### What you have to do
Output word for word the lines from the one with "COPY 🌹Women’s Sandals" to the final line of the data, both ends included, but skip the pictures.

### Dataset extract
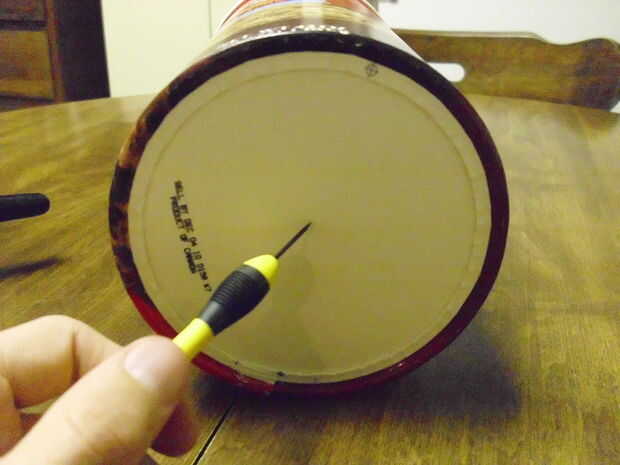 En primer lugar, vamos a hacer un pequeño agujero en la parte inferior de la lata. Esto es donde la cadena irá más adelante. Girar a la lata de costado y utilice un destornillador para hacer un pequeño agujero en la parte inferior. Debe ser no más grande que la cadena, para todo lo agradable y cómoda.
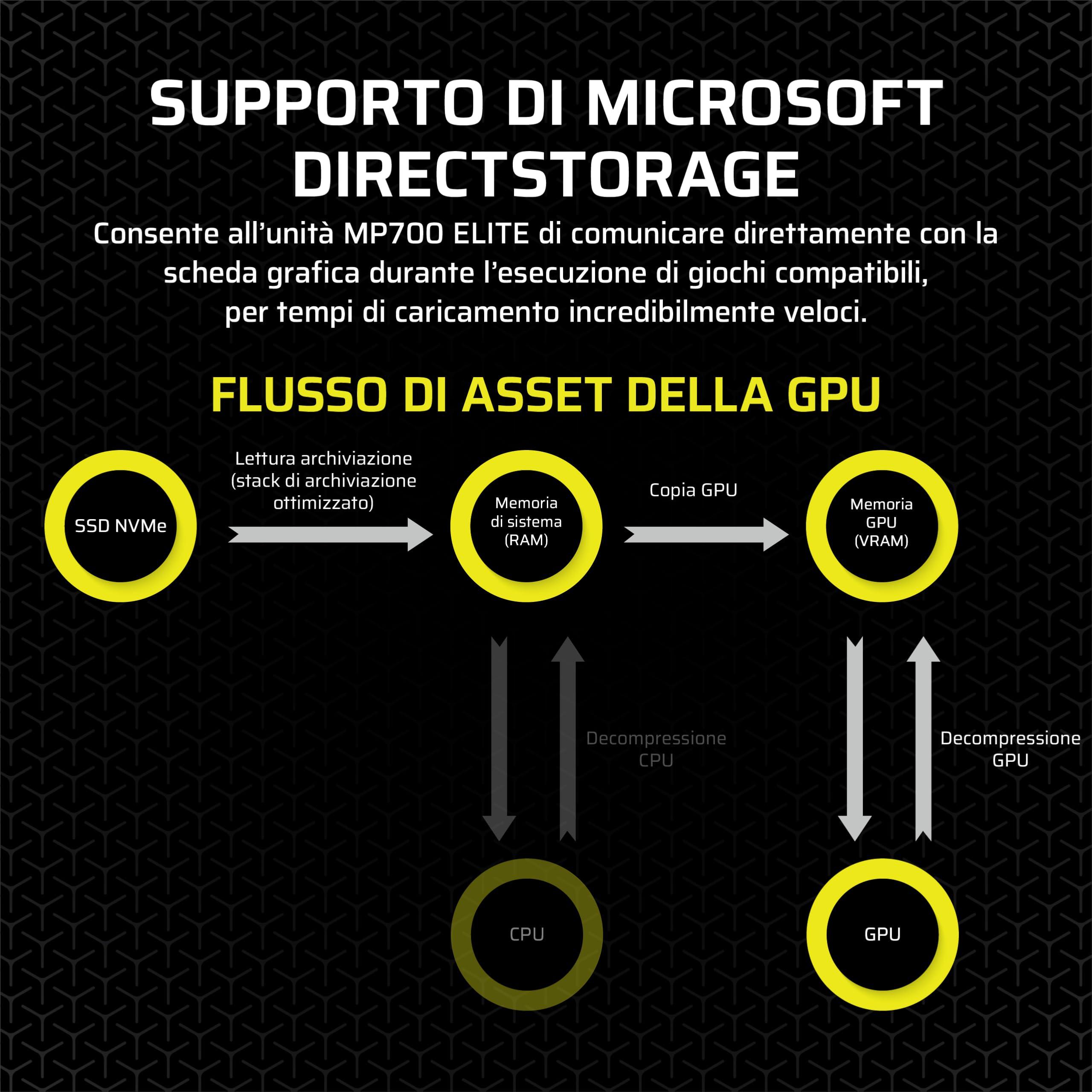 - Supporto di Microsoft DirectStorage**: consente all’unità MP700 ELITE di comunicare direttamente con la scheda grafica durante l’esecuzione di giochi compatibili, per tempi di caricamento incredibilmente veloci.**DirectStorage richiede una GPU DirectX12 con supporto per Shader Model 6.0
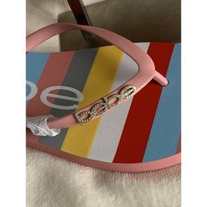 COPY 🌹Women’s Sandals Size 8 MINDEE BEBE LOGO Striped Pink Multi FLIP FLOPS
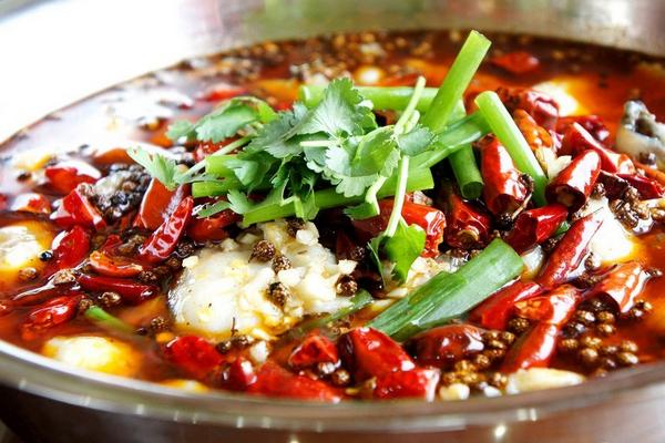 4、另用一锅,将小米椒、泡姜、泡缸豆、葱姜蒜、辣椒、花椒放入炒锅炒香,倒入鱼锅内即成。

### Solution to this task
 COPY 🌹Women’s Sandals Size 8 MINDEE BEBE LOGO Striped Pink Multi FLIP FLOPS
 4、另用一锅,将小米椒、泡姜、泡缸豆、葱姜蒜、辣椒、花椒放入炒锅炒香,倒入鱼锅内即成。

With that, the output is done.